*** Opening RECORDED INFORMATION ***

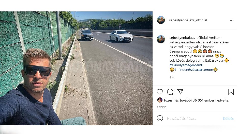 Én inkább azt mondom: mindig használjatok online kapcsolatos navigációt, Google Térképek, vagy Waze, engem sokszor mentett már meg hatalmas dugóktól, persze olykor némi kerülővel, amihez pedig kell üzemanyag, vagy töltés. Villanyautóval is jártam már így, volt, hogy a töltési tervet is újra kellett írni, de szerencsére még sosem maradtam hatótáv nélkül, s nem jártam úgy, mint Balázs. Akitől persze én is elnézést kérek a citálásáért, de túl magas labdát dobott. Posztjához a Magyar Közút is hozzátette: "@sebestyenbalazs_official tudod, hogy szeretünk, vigyázz magadra! Kitartást a komment cunamikhoz!" Amit meg is kapott, az OMSZ például megjegyezte "Nem is kell UV-B sugárzás a leégéshez!", a Volánbusz például a buszos utazásra invitáláshoz használta a felületet, amit persze akadt tréleres is, aki kihasznált.
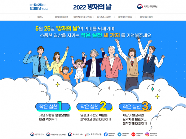 행정안전부는 올해로 29회를 맞이하는 방재의 날을 기념하고 국민에게 재해 예방의 중요성을 상기시키고자 누리집을 개설했다.
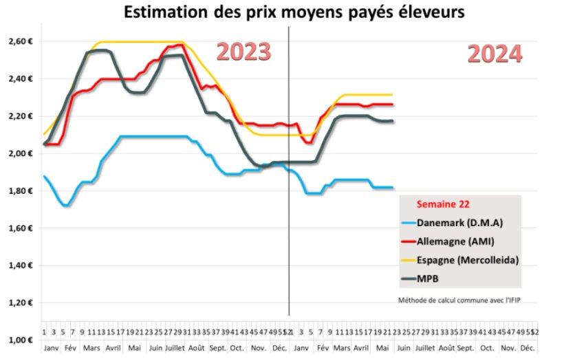 En Chine, au 29 mai, le prix du porc moyen s’affiche à 17,46 CNY (2,23 euros) et rejoint le niveau le plus élevé depuis un an, le 3 août 2023 à 17,61 CNY. Une tendance nettement positive s’affirme donc actuellement. Selon les commentaires chinois, les éleveurs retiennent un peu plus leurs porcs, l’approvisionnement des abattoirs est plus difficile même si la consommation reste encore assez faible pour le moment. Les cours sont attendus en hausse à court terme.
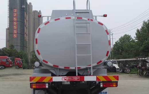 該車型為非危化品運(yùn)輸車,由罐體、泵、供液系統(tǒng)等專用裝置組成,主要用于向井場運(yùn)送液體并配合壓井作業(yè);罐體有效容積:18立方米,介質(zhì):洗井泡沫液;罐體尺寸(長×長軸×短軸)(mm):6800×2200×1550;僅采用4375+1400mm軸距;側(cè)、后防護(hù)裝置材質(zhì)均為:Q235B,側(cè)、后防護(hù)均采用螺栓連接,后防護(hù)裝置斷面尺寸為(mm):80×150,后部防護(hù)離地高度:500mm;隨底盤選裝駕駛室,選裝尾部帶供液口,選裝箱門;安裝帶衛(wèi)星定位功能的行駛記錄儀;ABS系統(tǒng)生產(chǎn)廠家及型號分別為:西安正昌電子股份有限公司(ZQFB-V);發(fā)動機(jī)型號及油耗值(L/100km)為:WP8.320E61

*** Closing RECORDED INFORMATION ***

- PROBLEM DETAILS:
Starting at the line that holds "En Chine, au", repeat every line through the end of the listing exactly as written, skipping any picture.

- REPLY TO THE TASK:
 En Chine, au 29 mai, le prix du porc moyen s’affiche à 17,46 CNY (2,23 euros) et rejoint le niveau le plus élevé depuis un an, le 3 août 2023 à 17,61 CNY. Une tendance nettement positive s’affirme donc actuellement. Selon les commentaires chinois, les éleveurs retiennent un peu plus leurs porcs, l’approvisionnement des abattoirs est plus difficile même si la consommation reste encore assez faible pour le moment. Les cours sont attendus en hausse à court terme.
 該車型為非危化品運(yùn)輸車,由罐體、泵、供液系統(tǒng)等專用裝置組成,主要用于向井場運(yùn)送液體并配合壓井作業(yè);罐體有效容積:18立方米,介質(zhì):洗井泡沫液;罐體尺寸(長×長軸×短軸)(mm):6800×2200×1550;僅采用4375+1400mm軸距;側(cè)、后防護(hù)裝置材質(zhì)均為:Q235B,側(cè)、后防護(hù)均采用螺栓連接,后防護(hù)裝置斷面尺寸為(mm):80×150,后部防護(hù)離地高度:500mm;隨底盤選裝駕駛室,選裝尾部帶供液口,選裝箱門;安裝帶衛(wèi)星定位功能的行駛記錄儀;ABS系統(tǒng)生產(chǎn)廠家及型號分別為:西安正昌電子股份有限公司(ZQFB-V);發(fā)動機(jī)型號及油耗值(L/100km)為:WP8.320E61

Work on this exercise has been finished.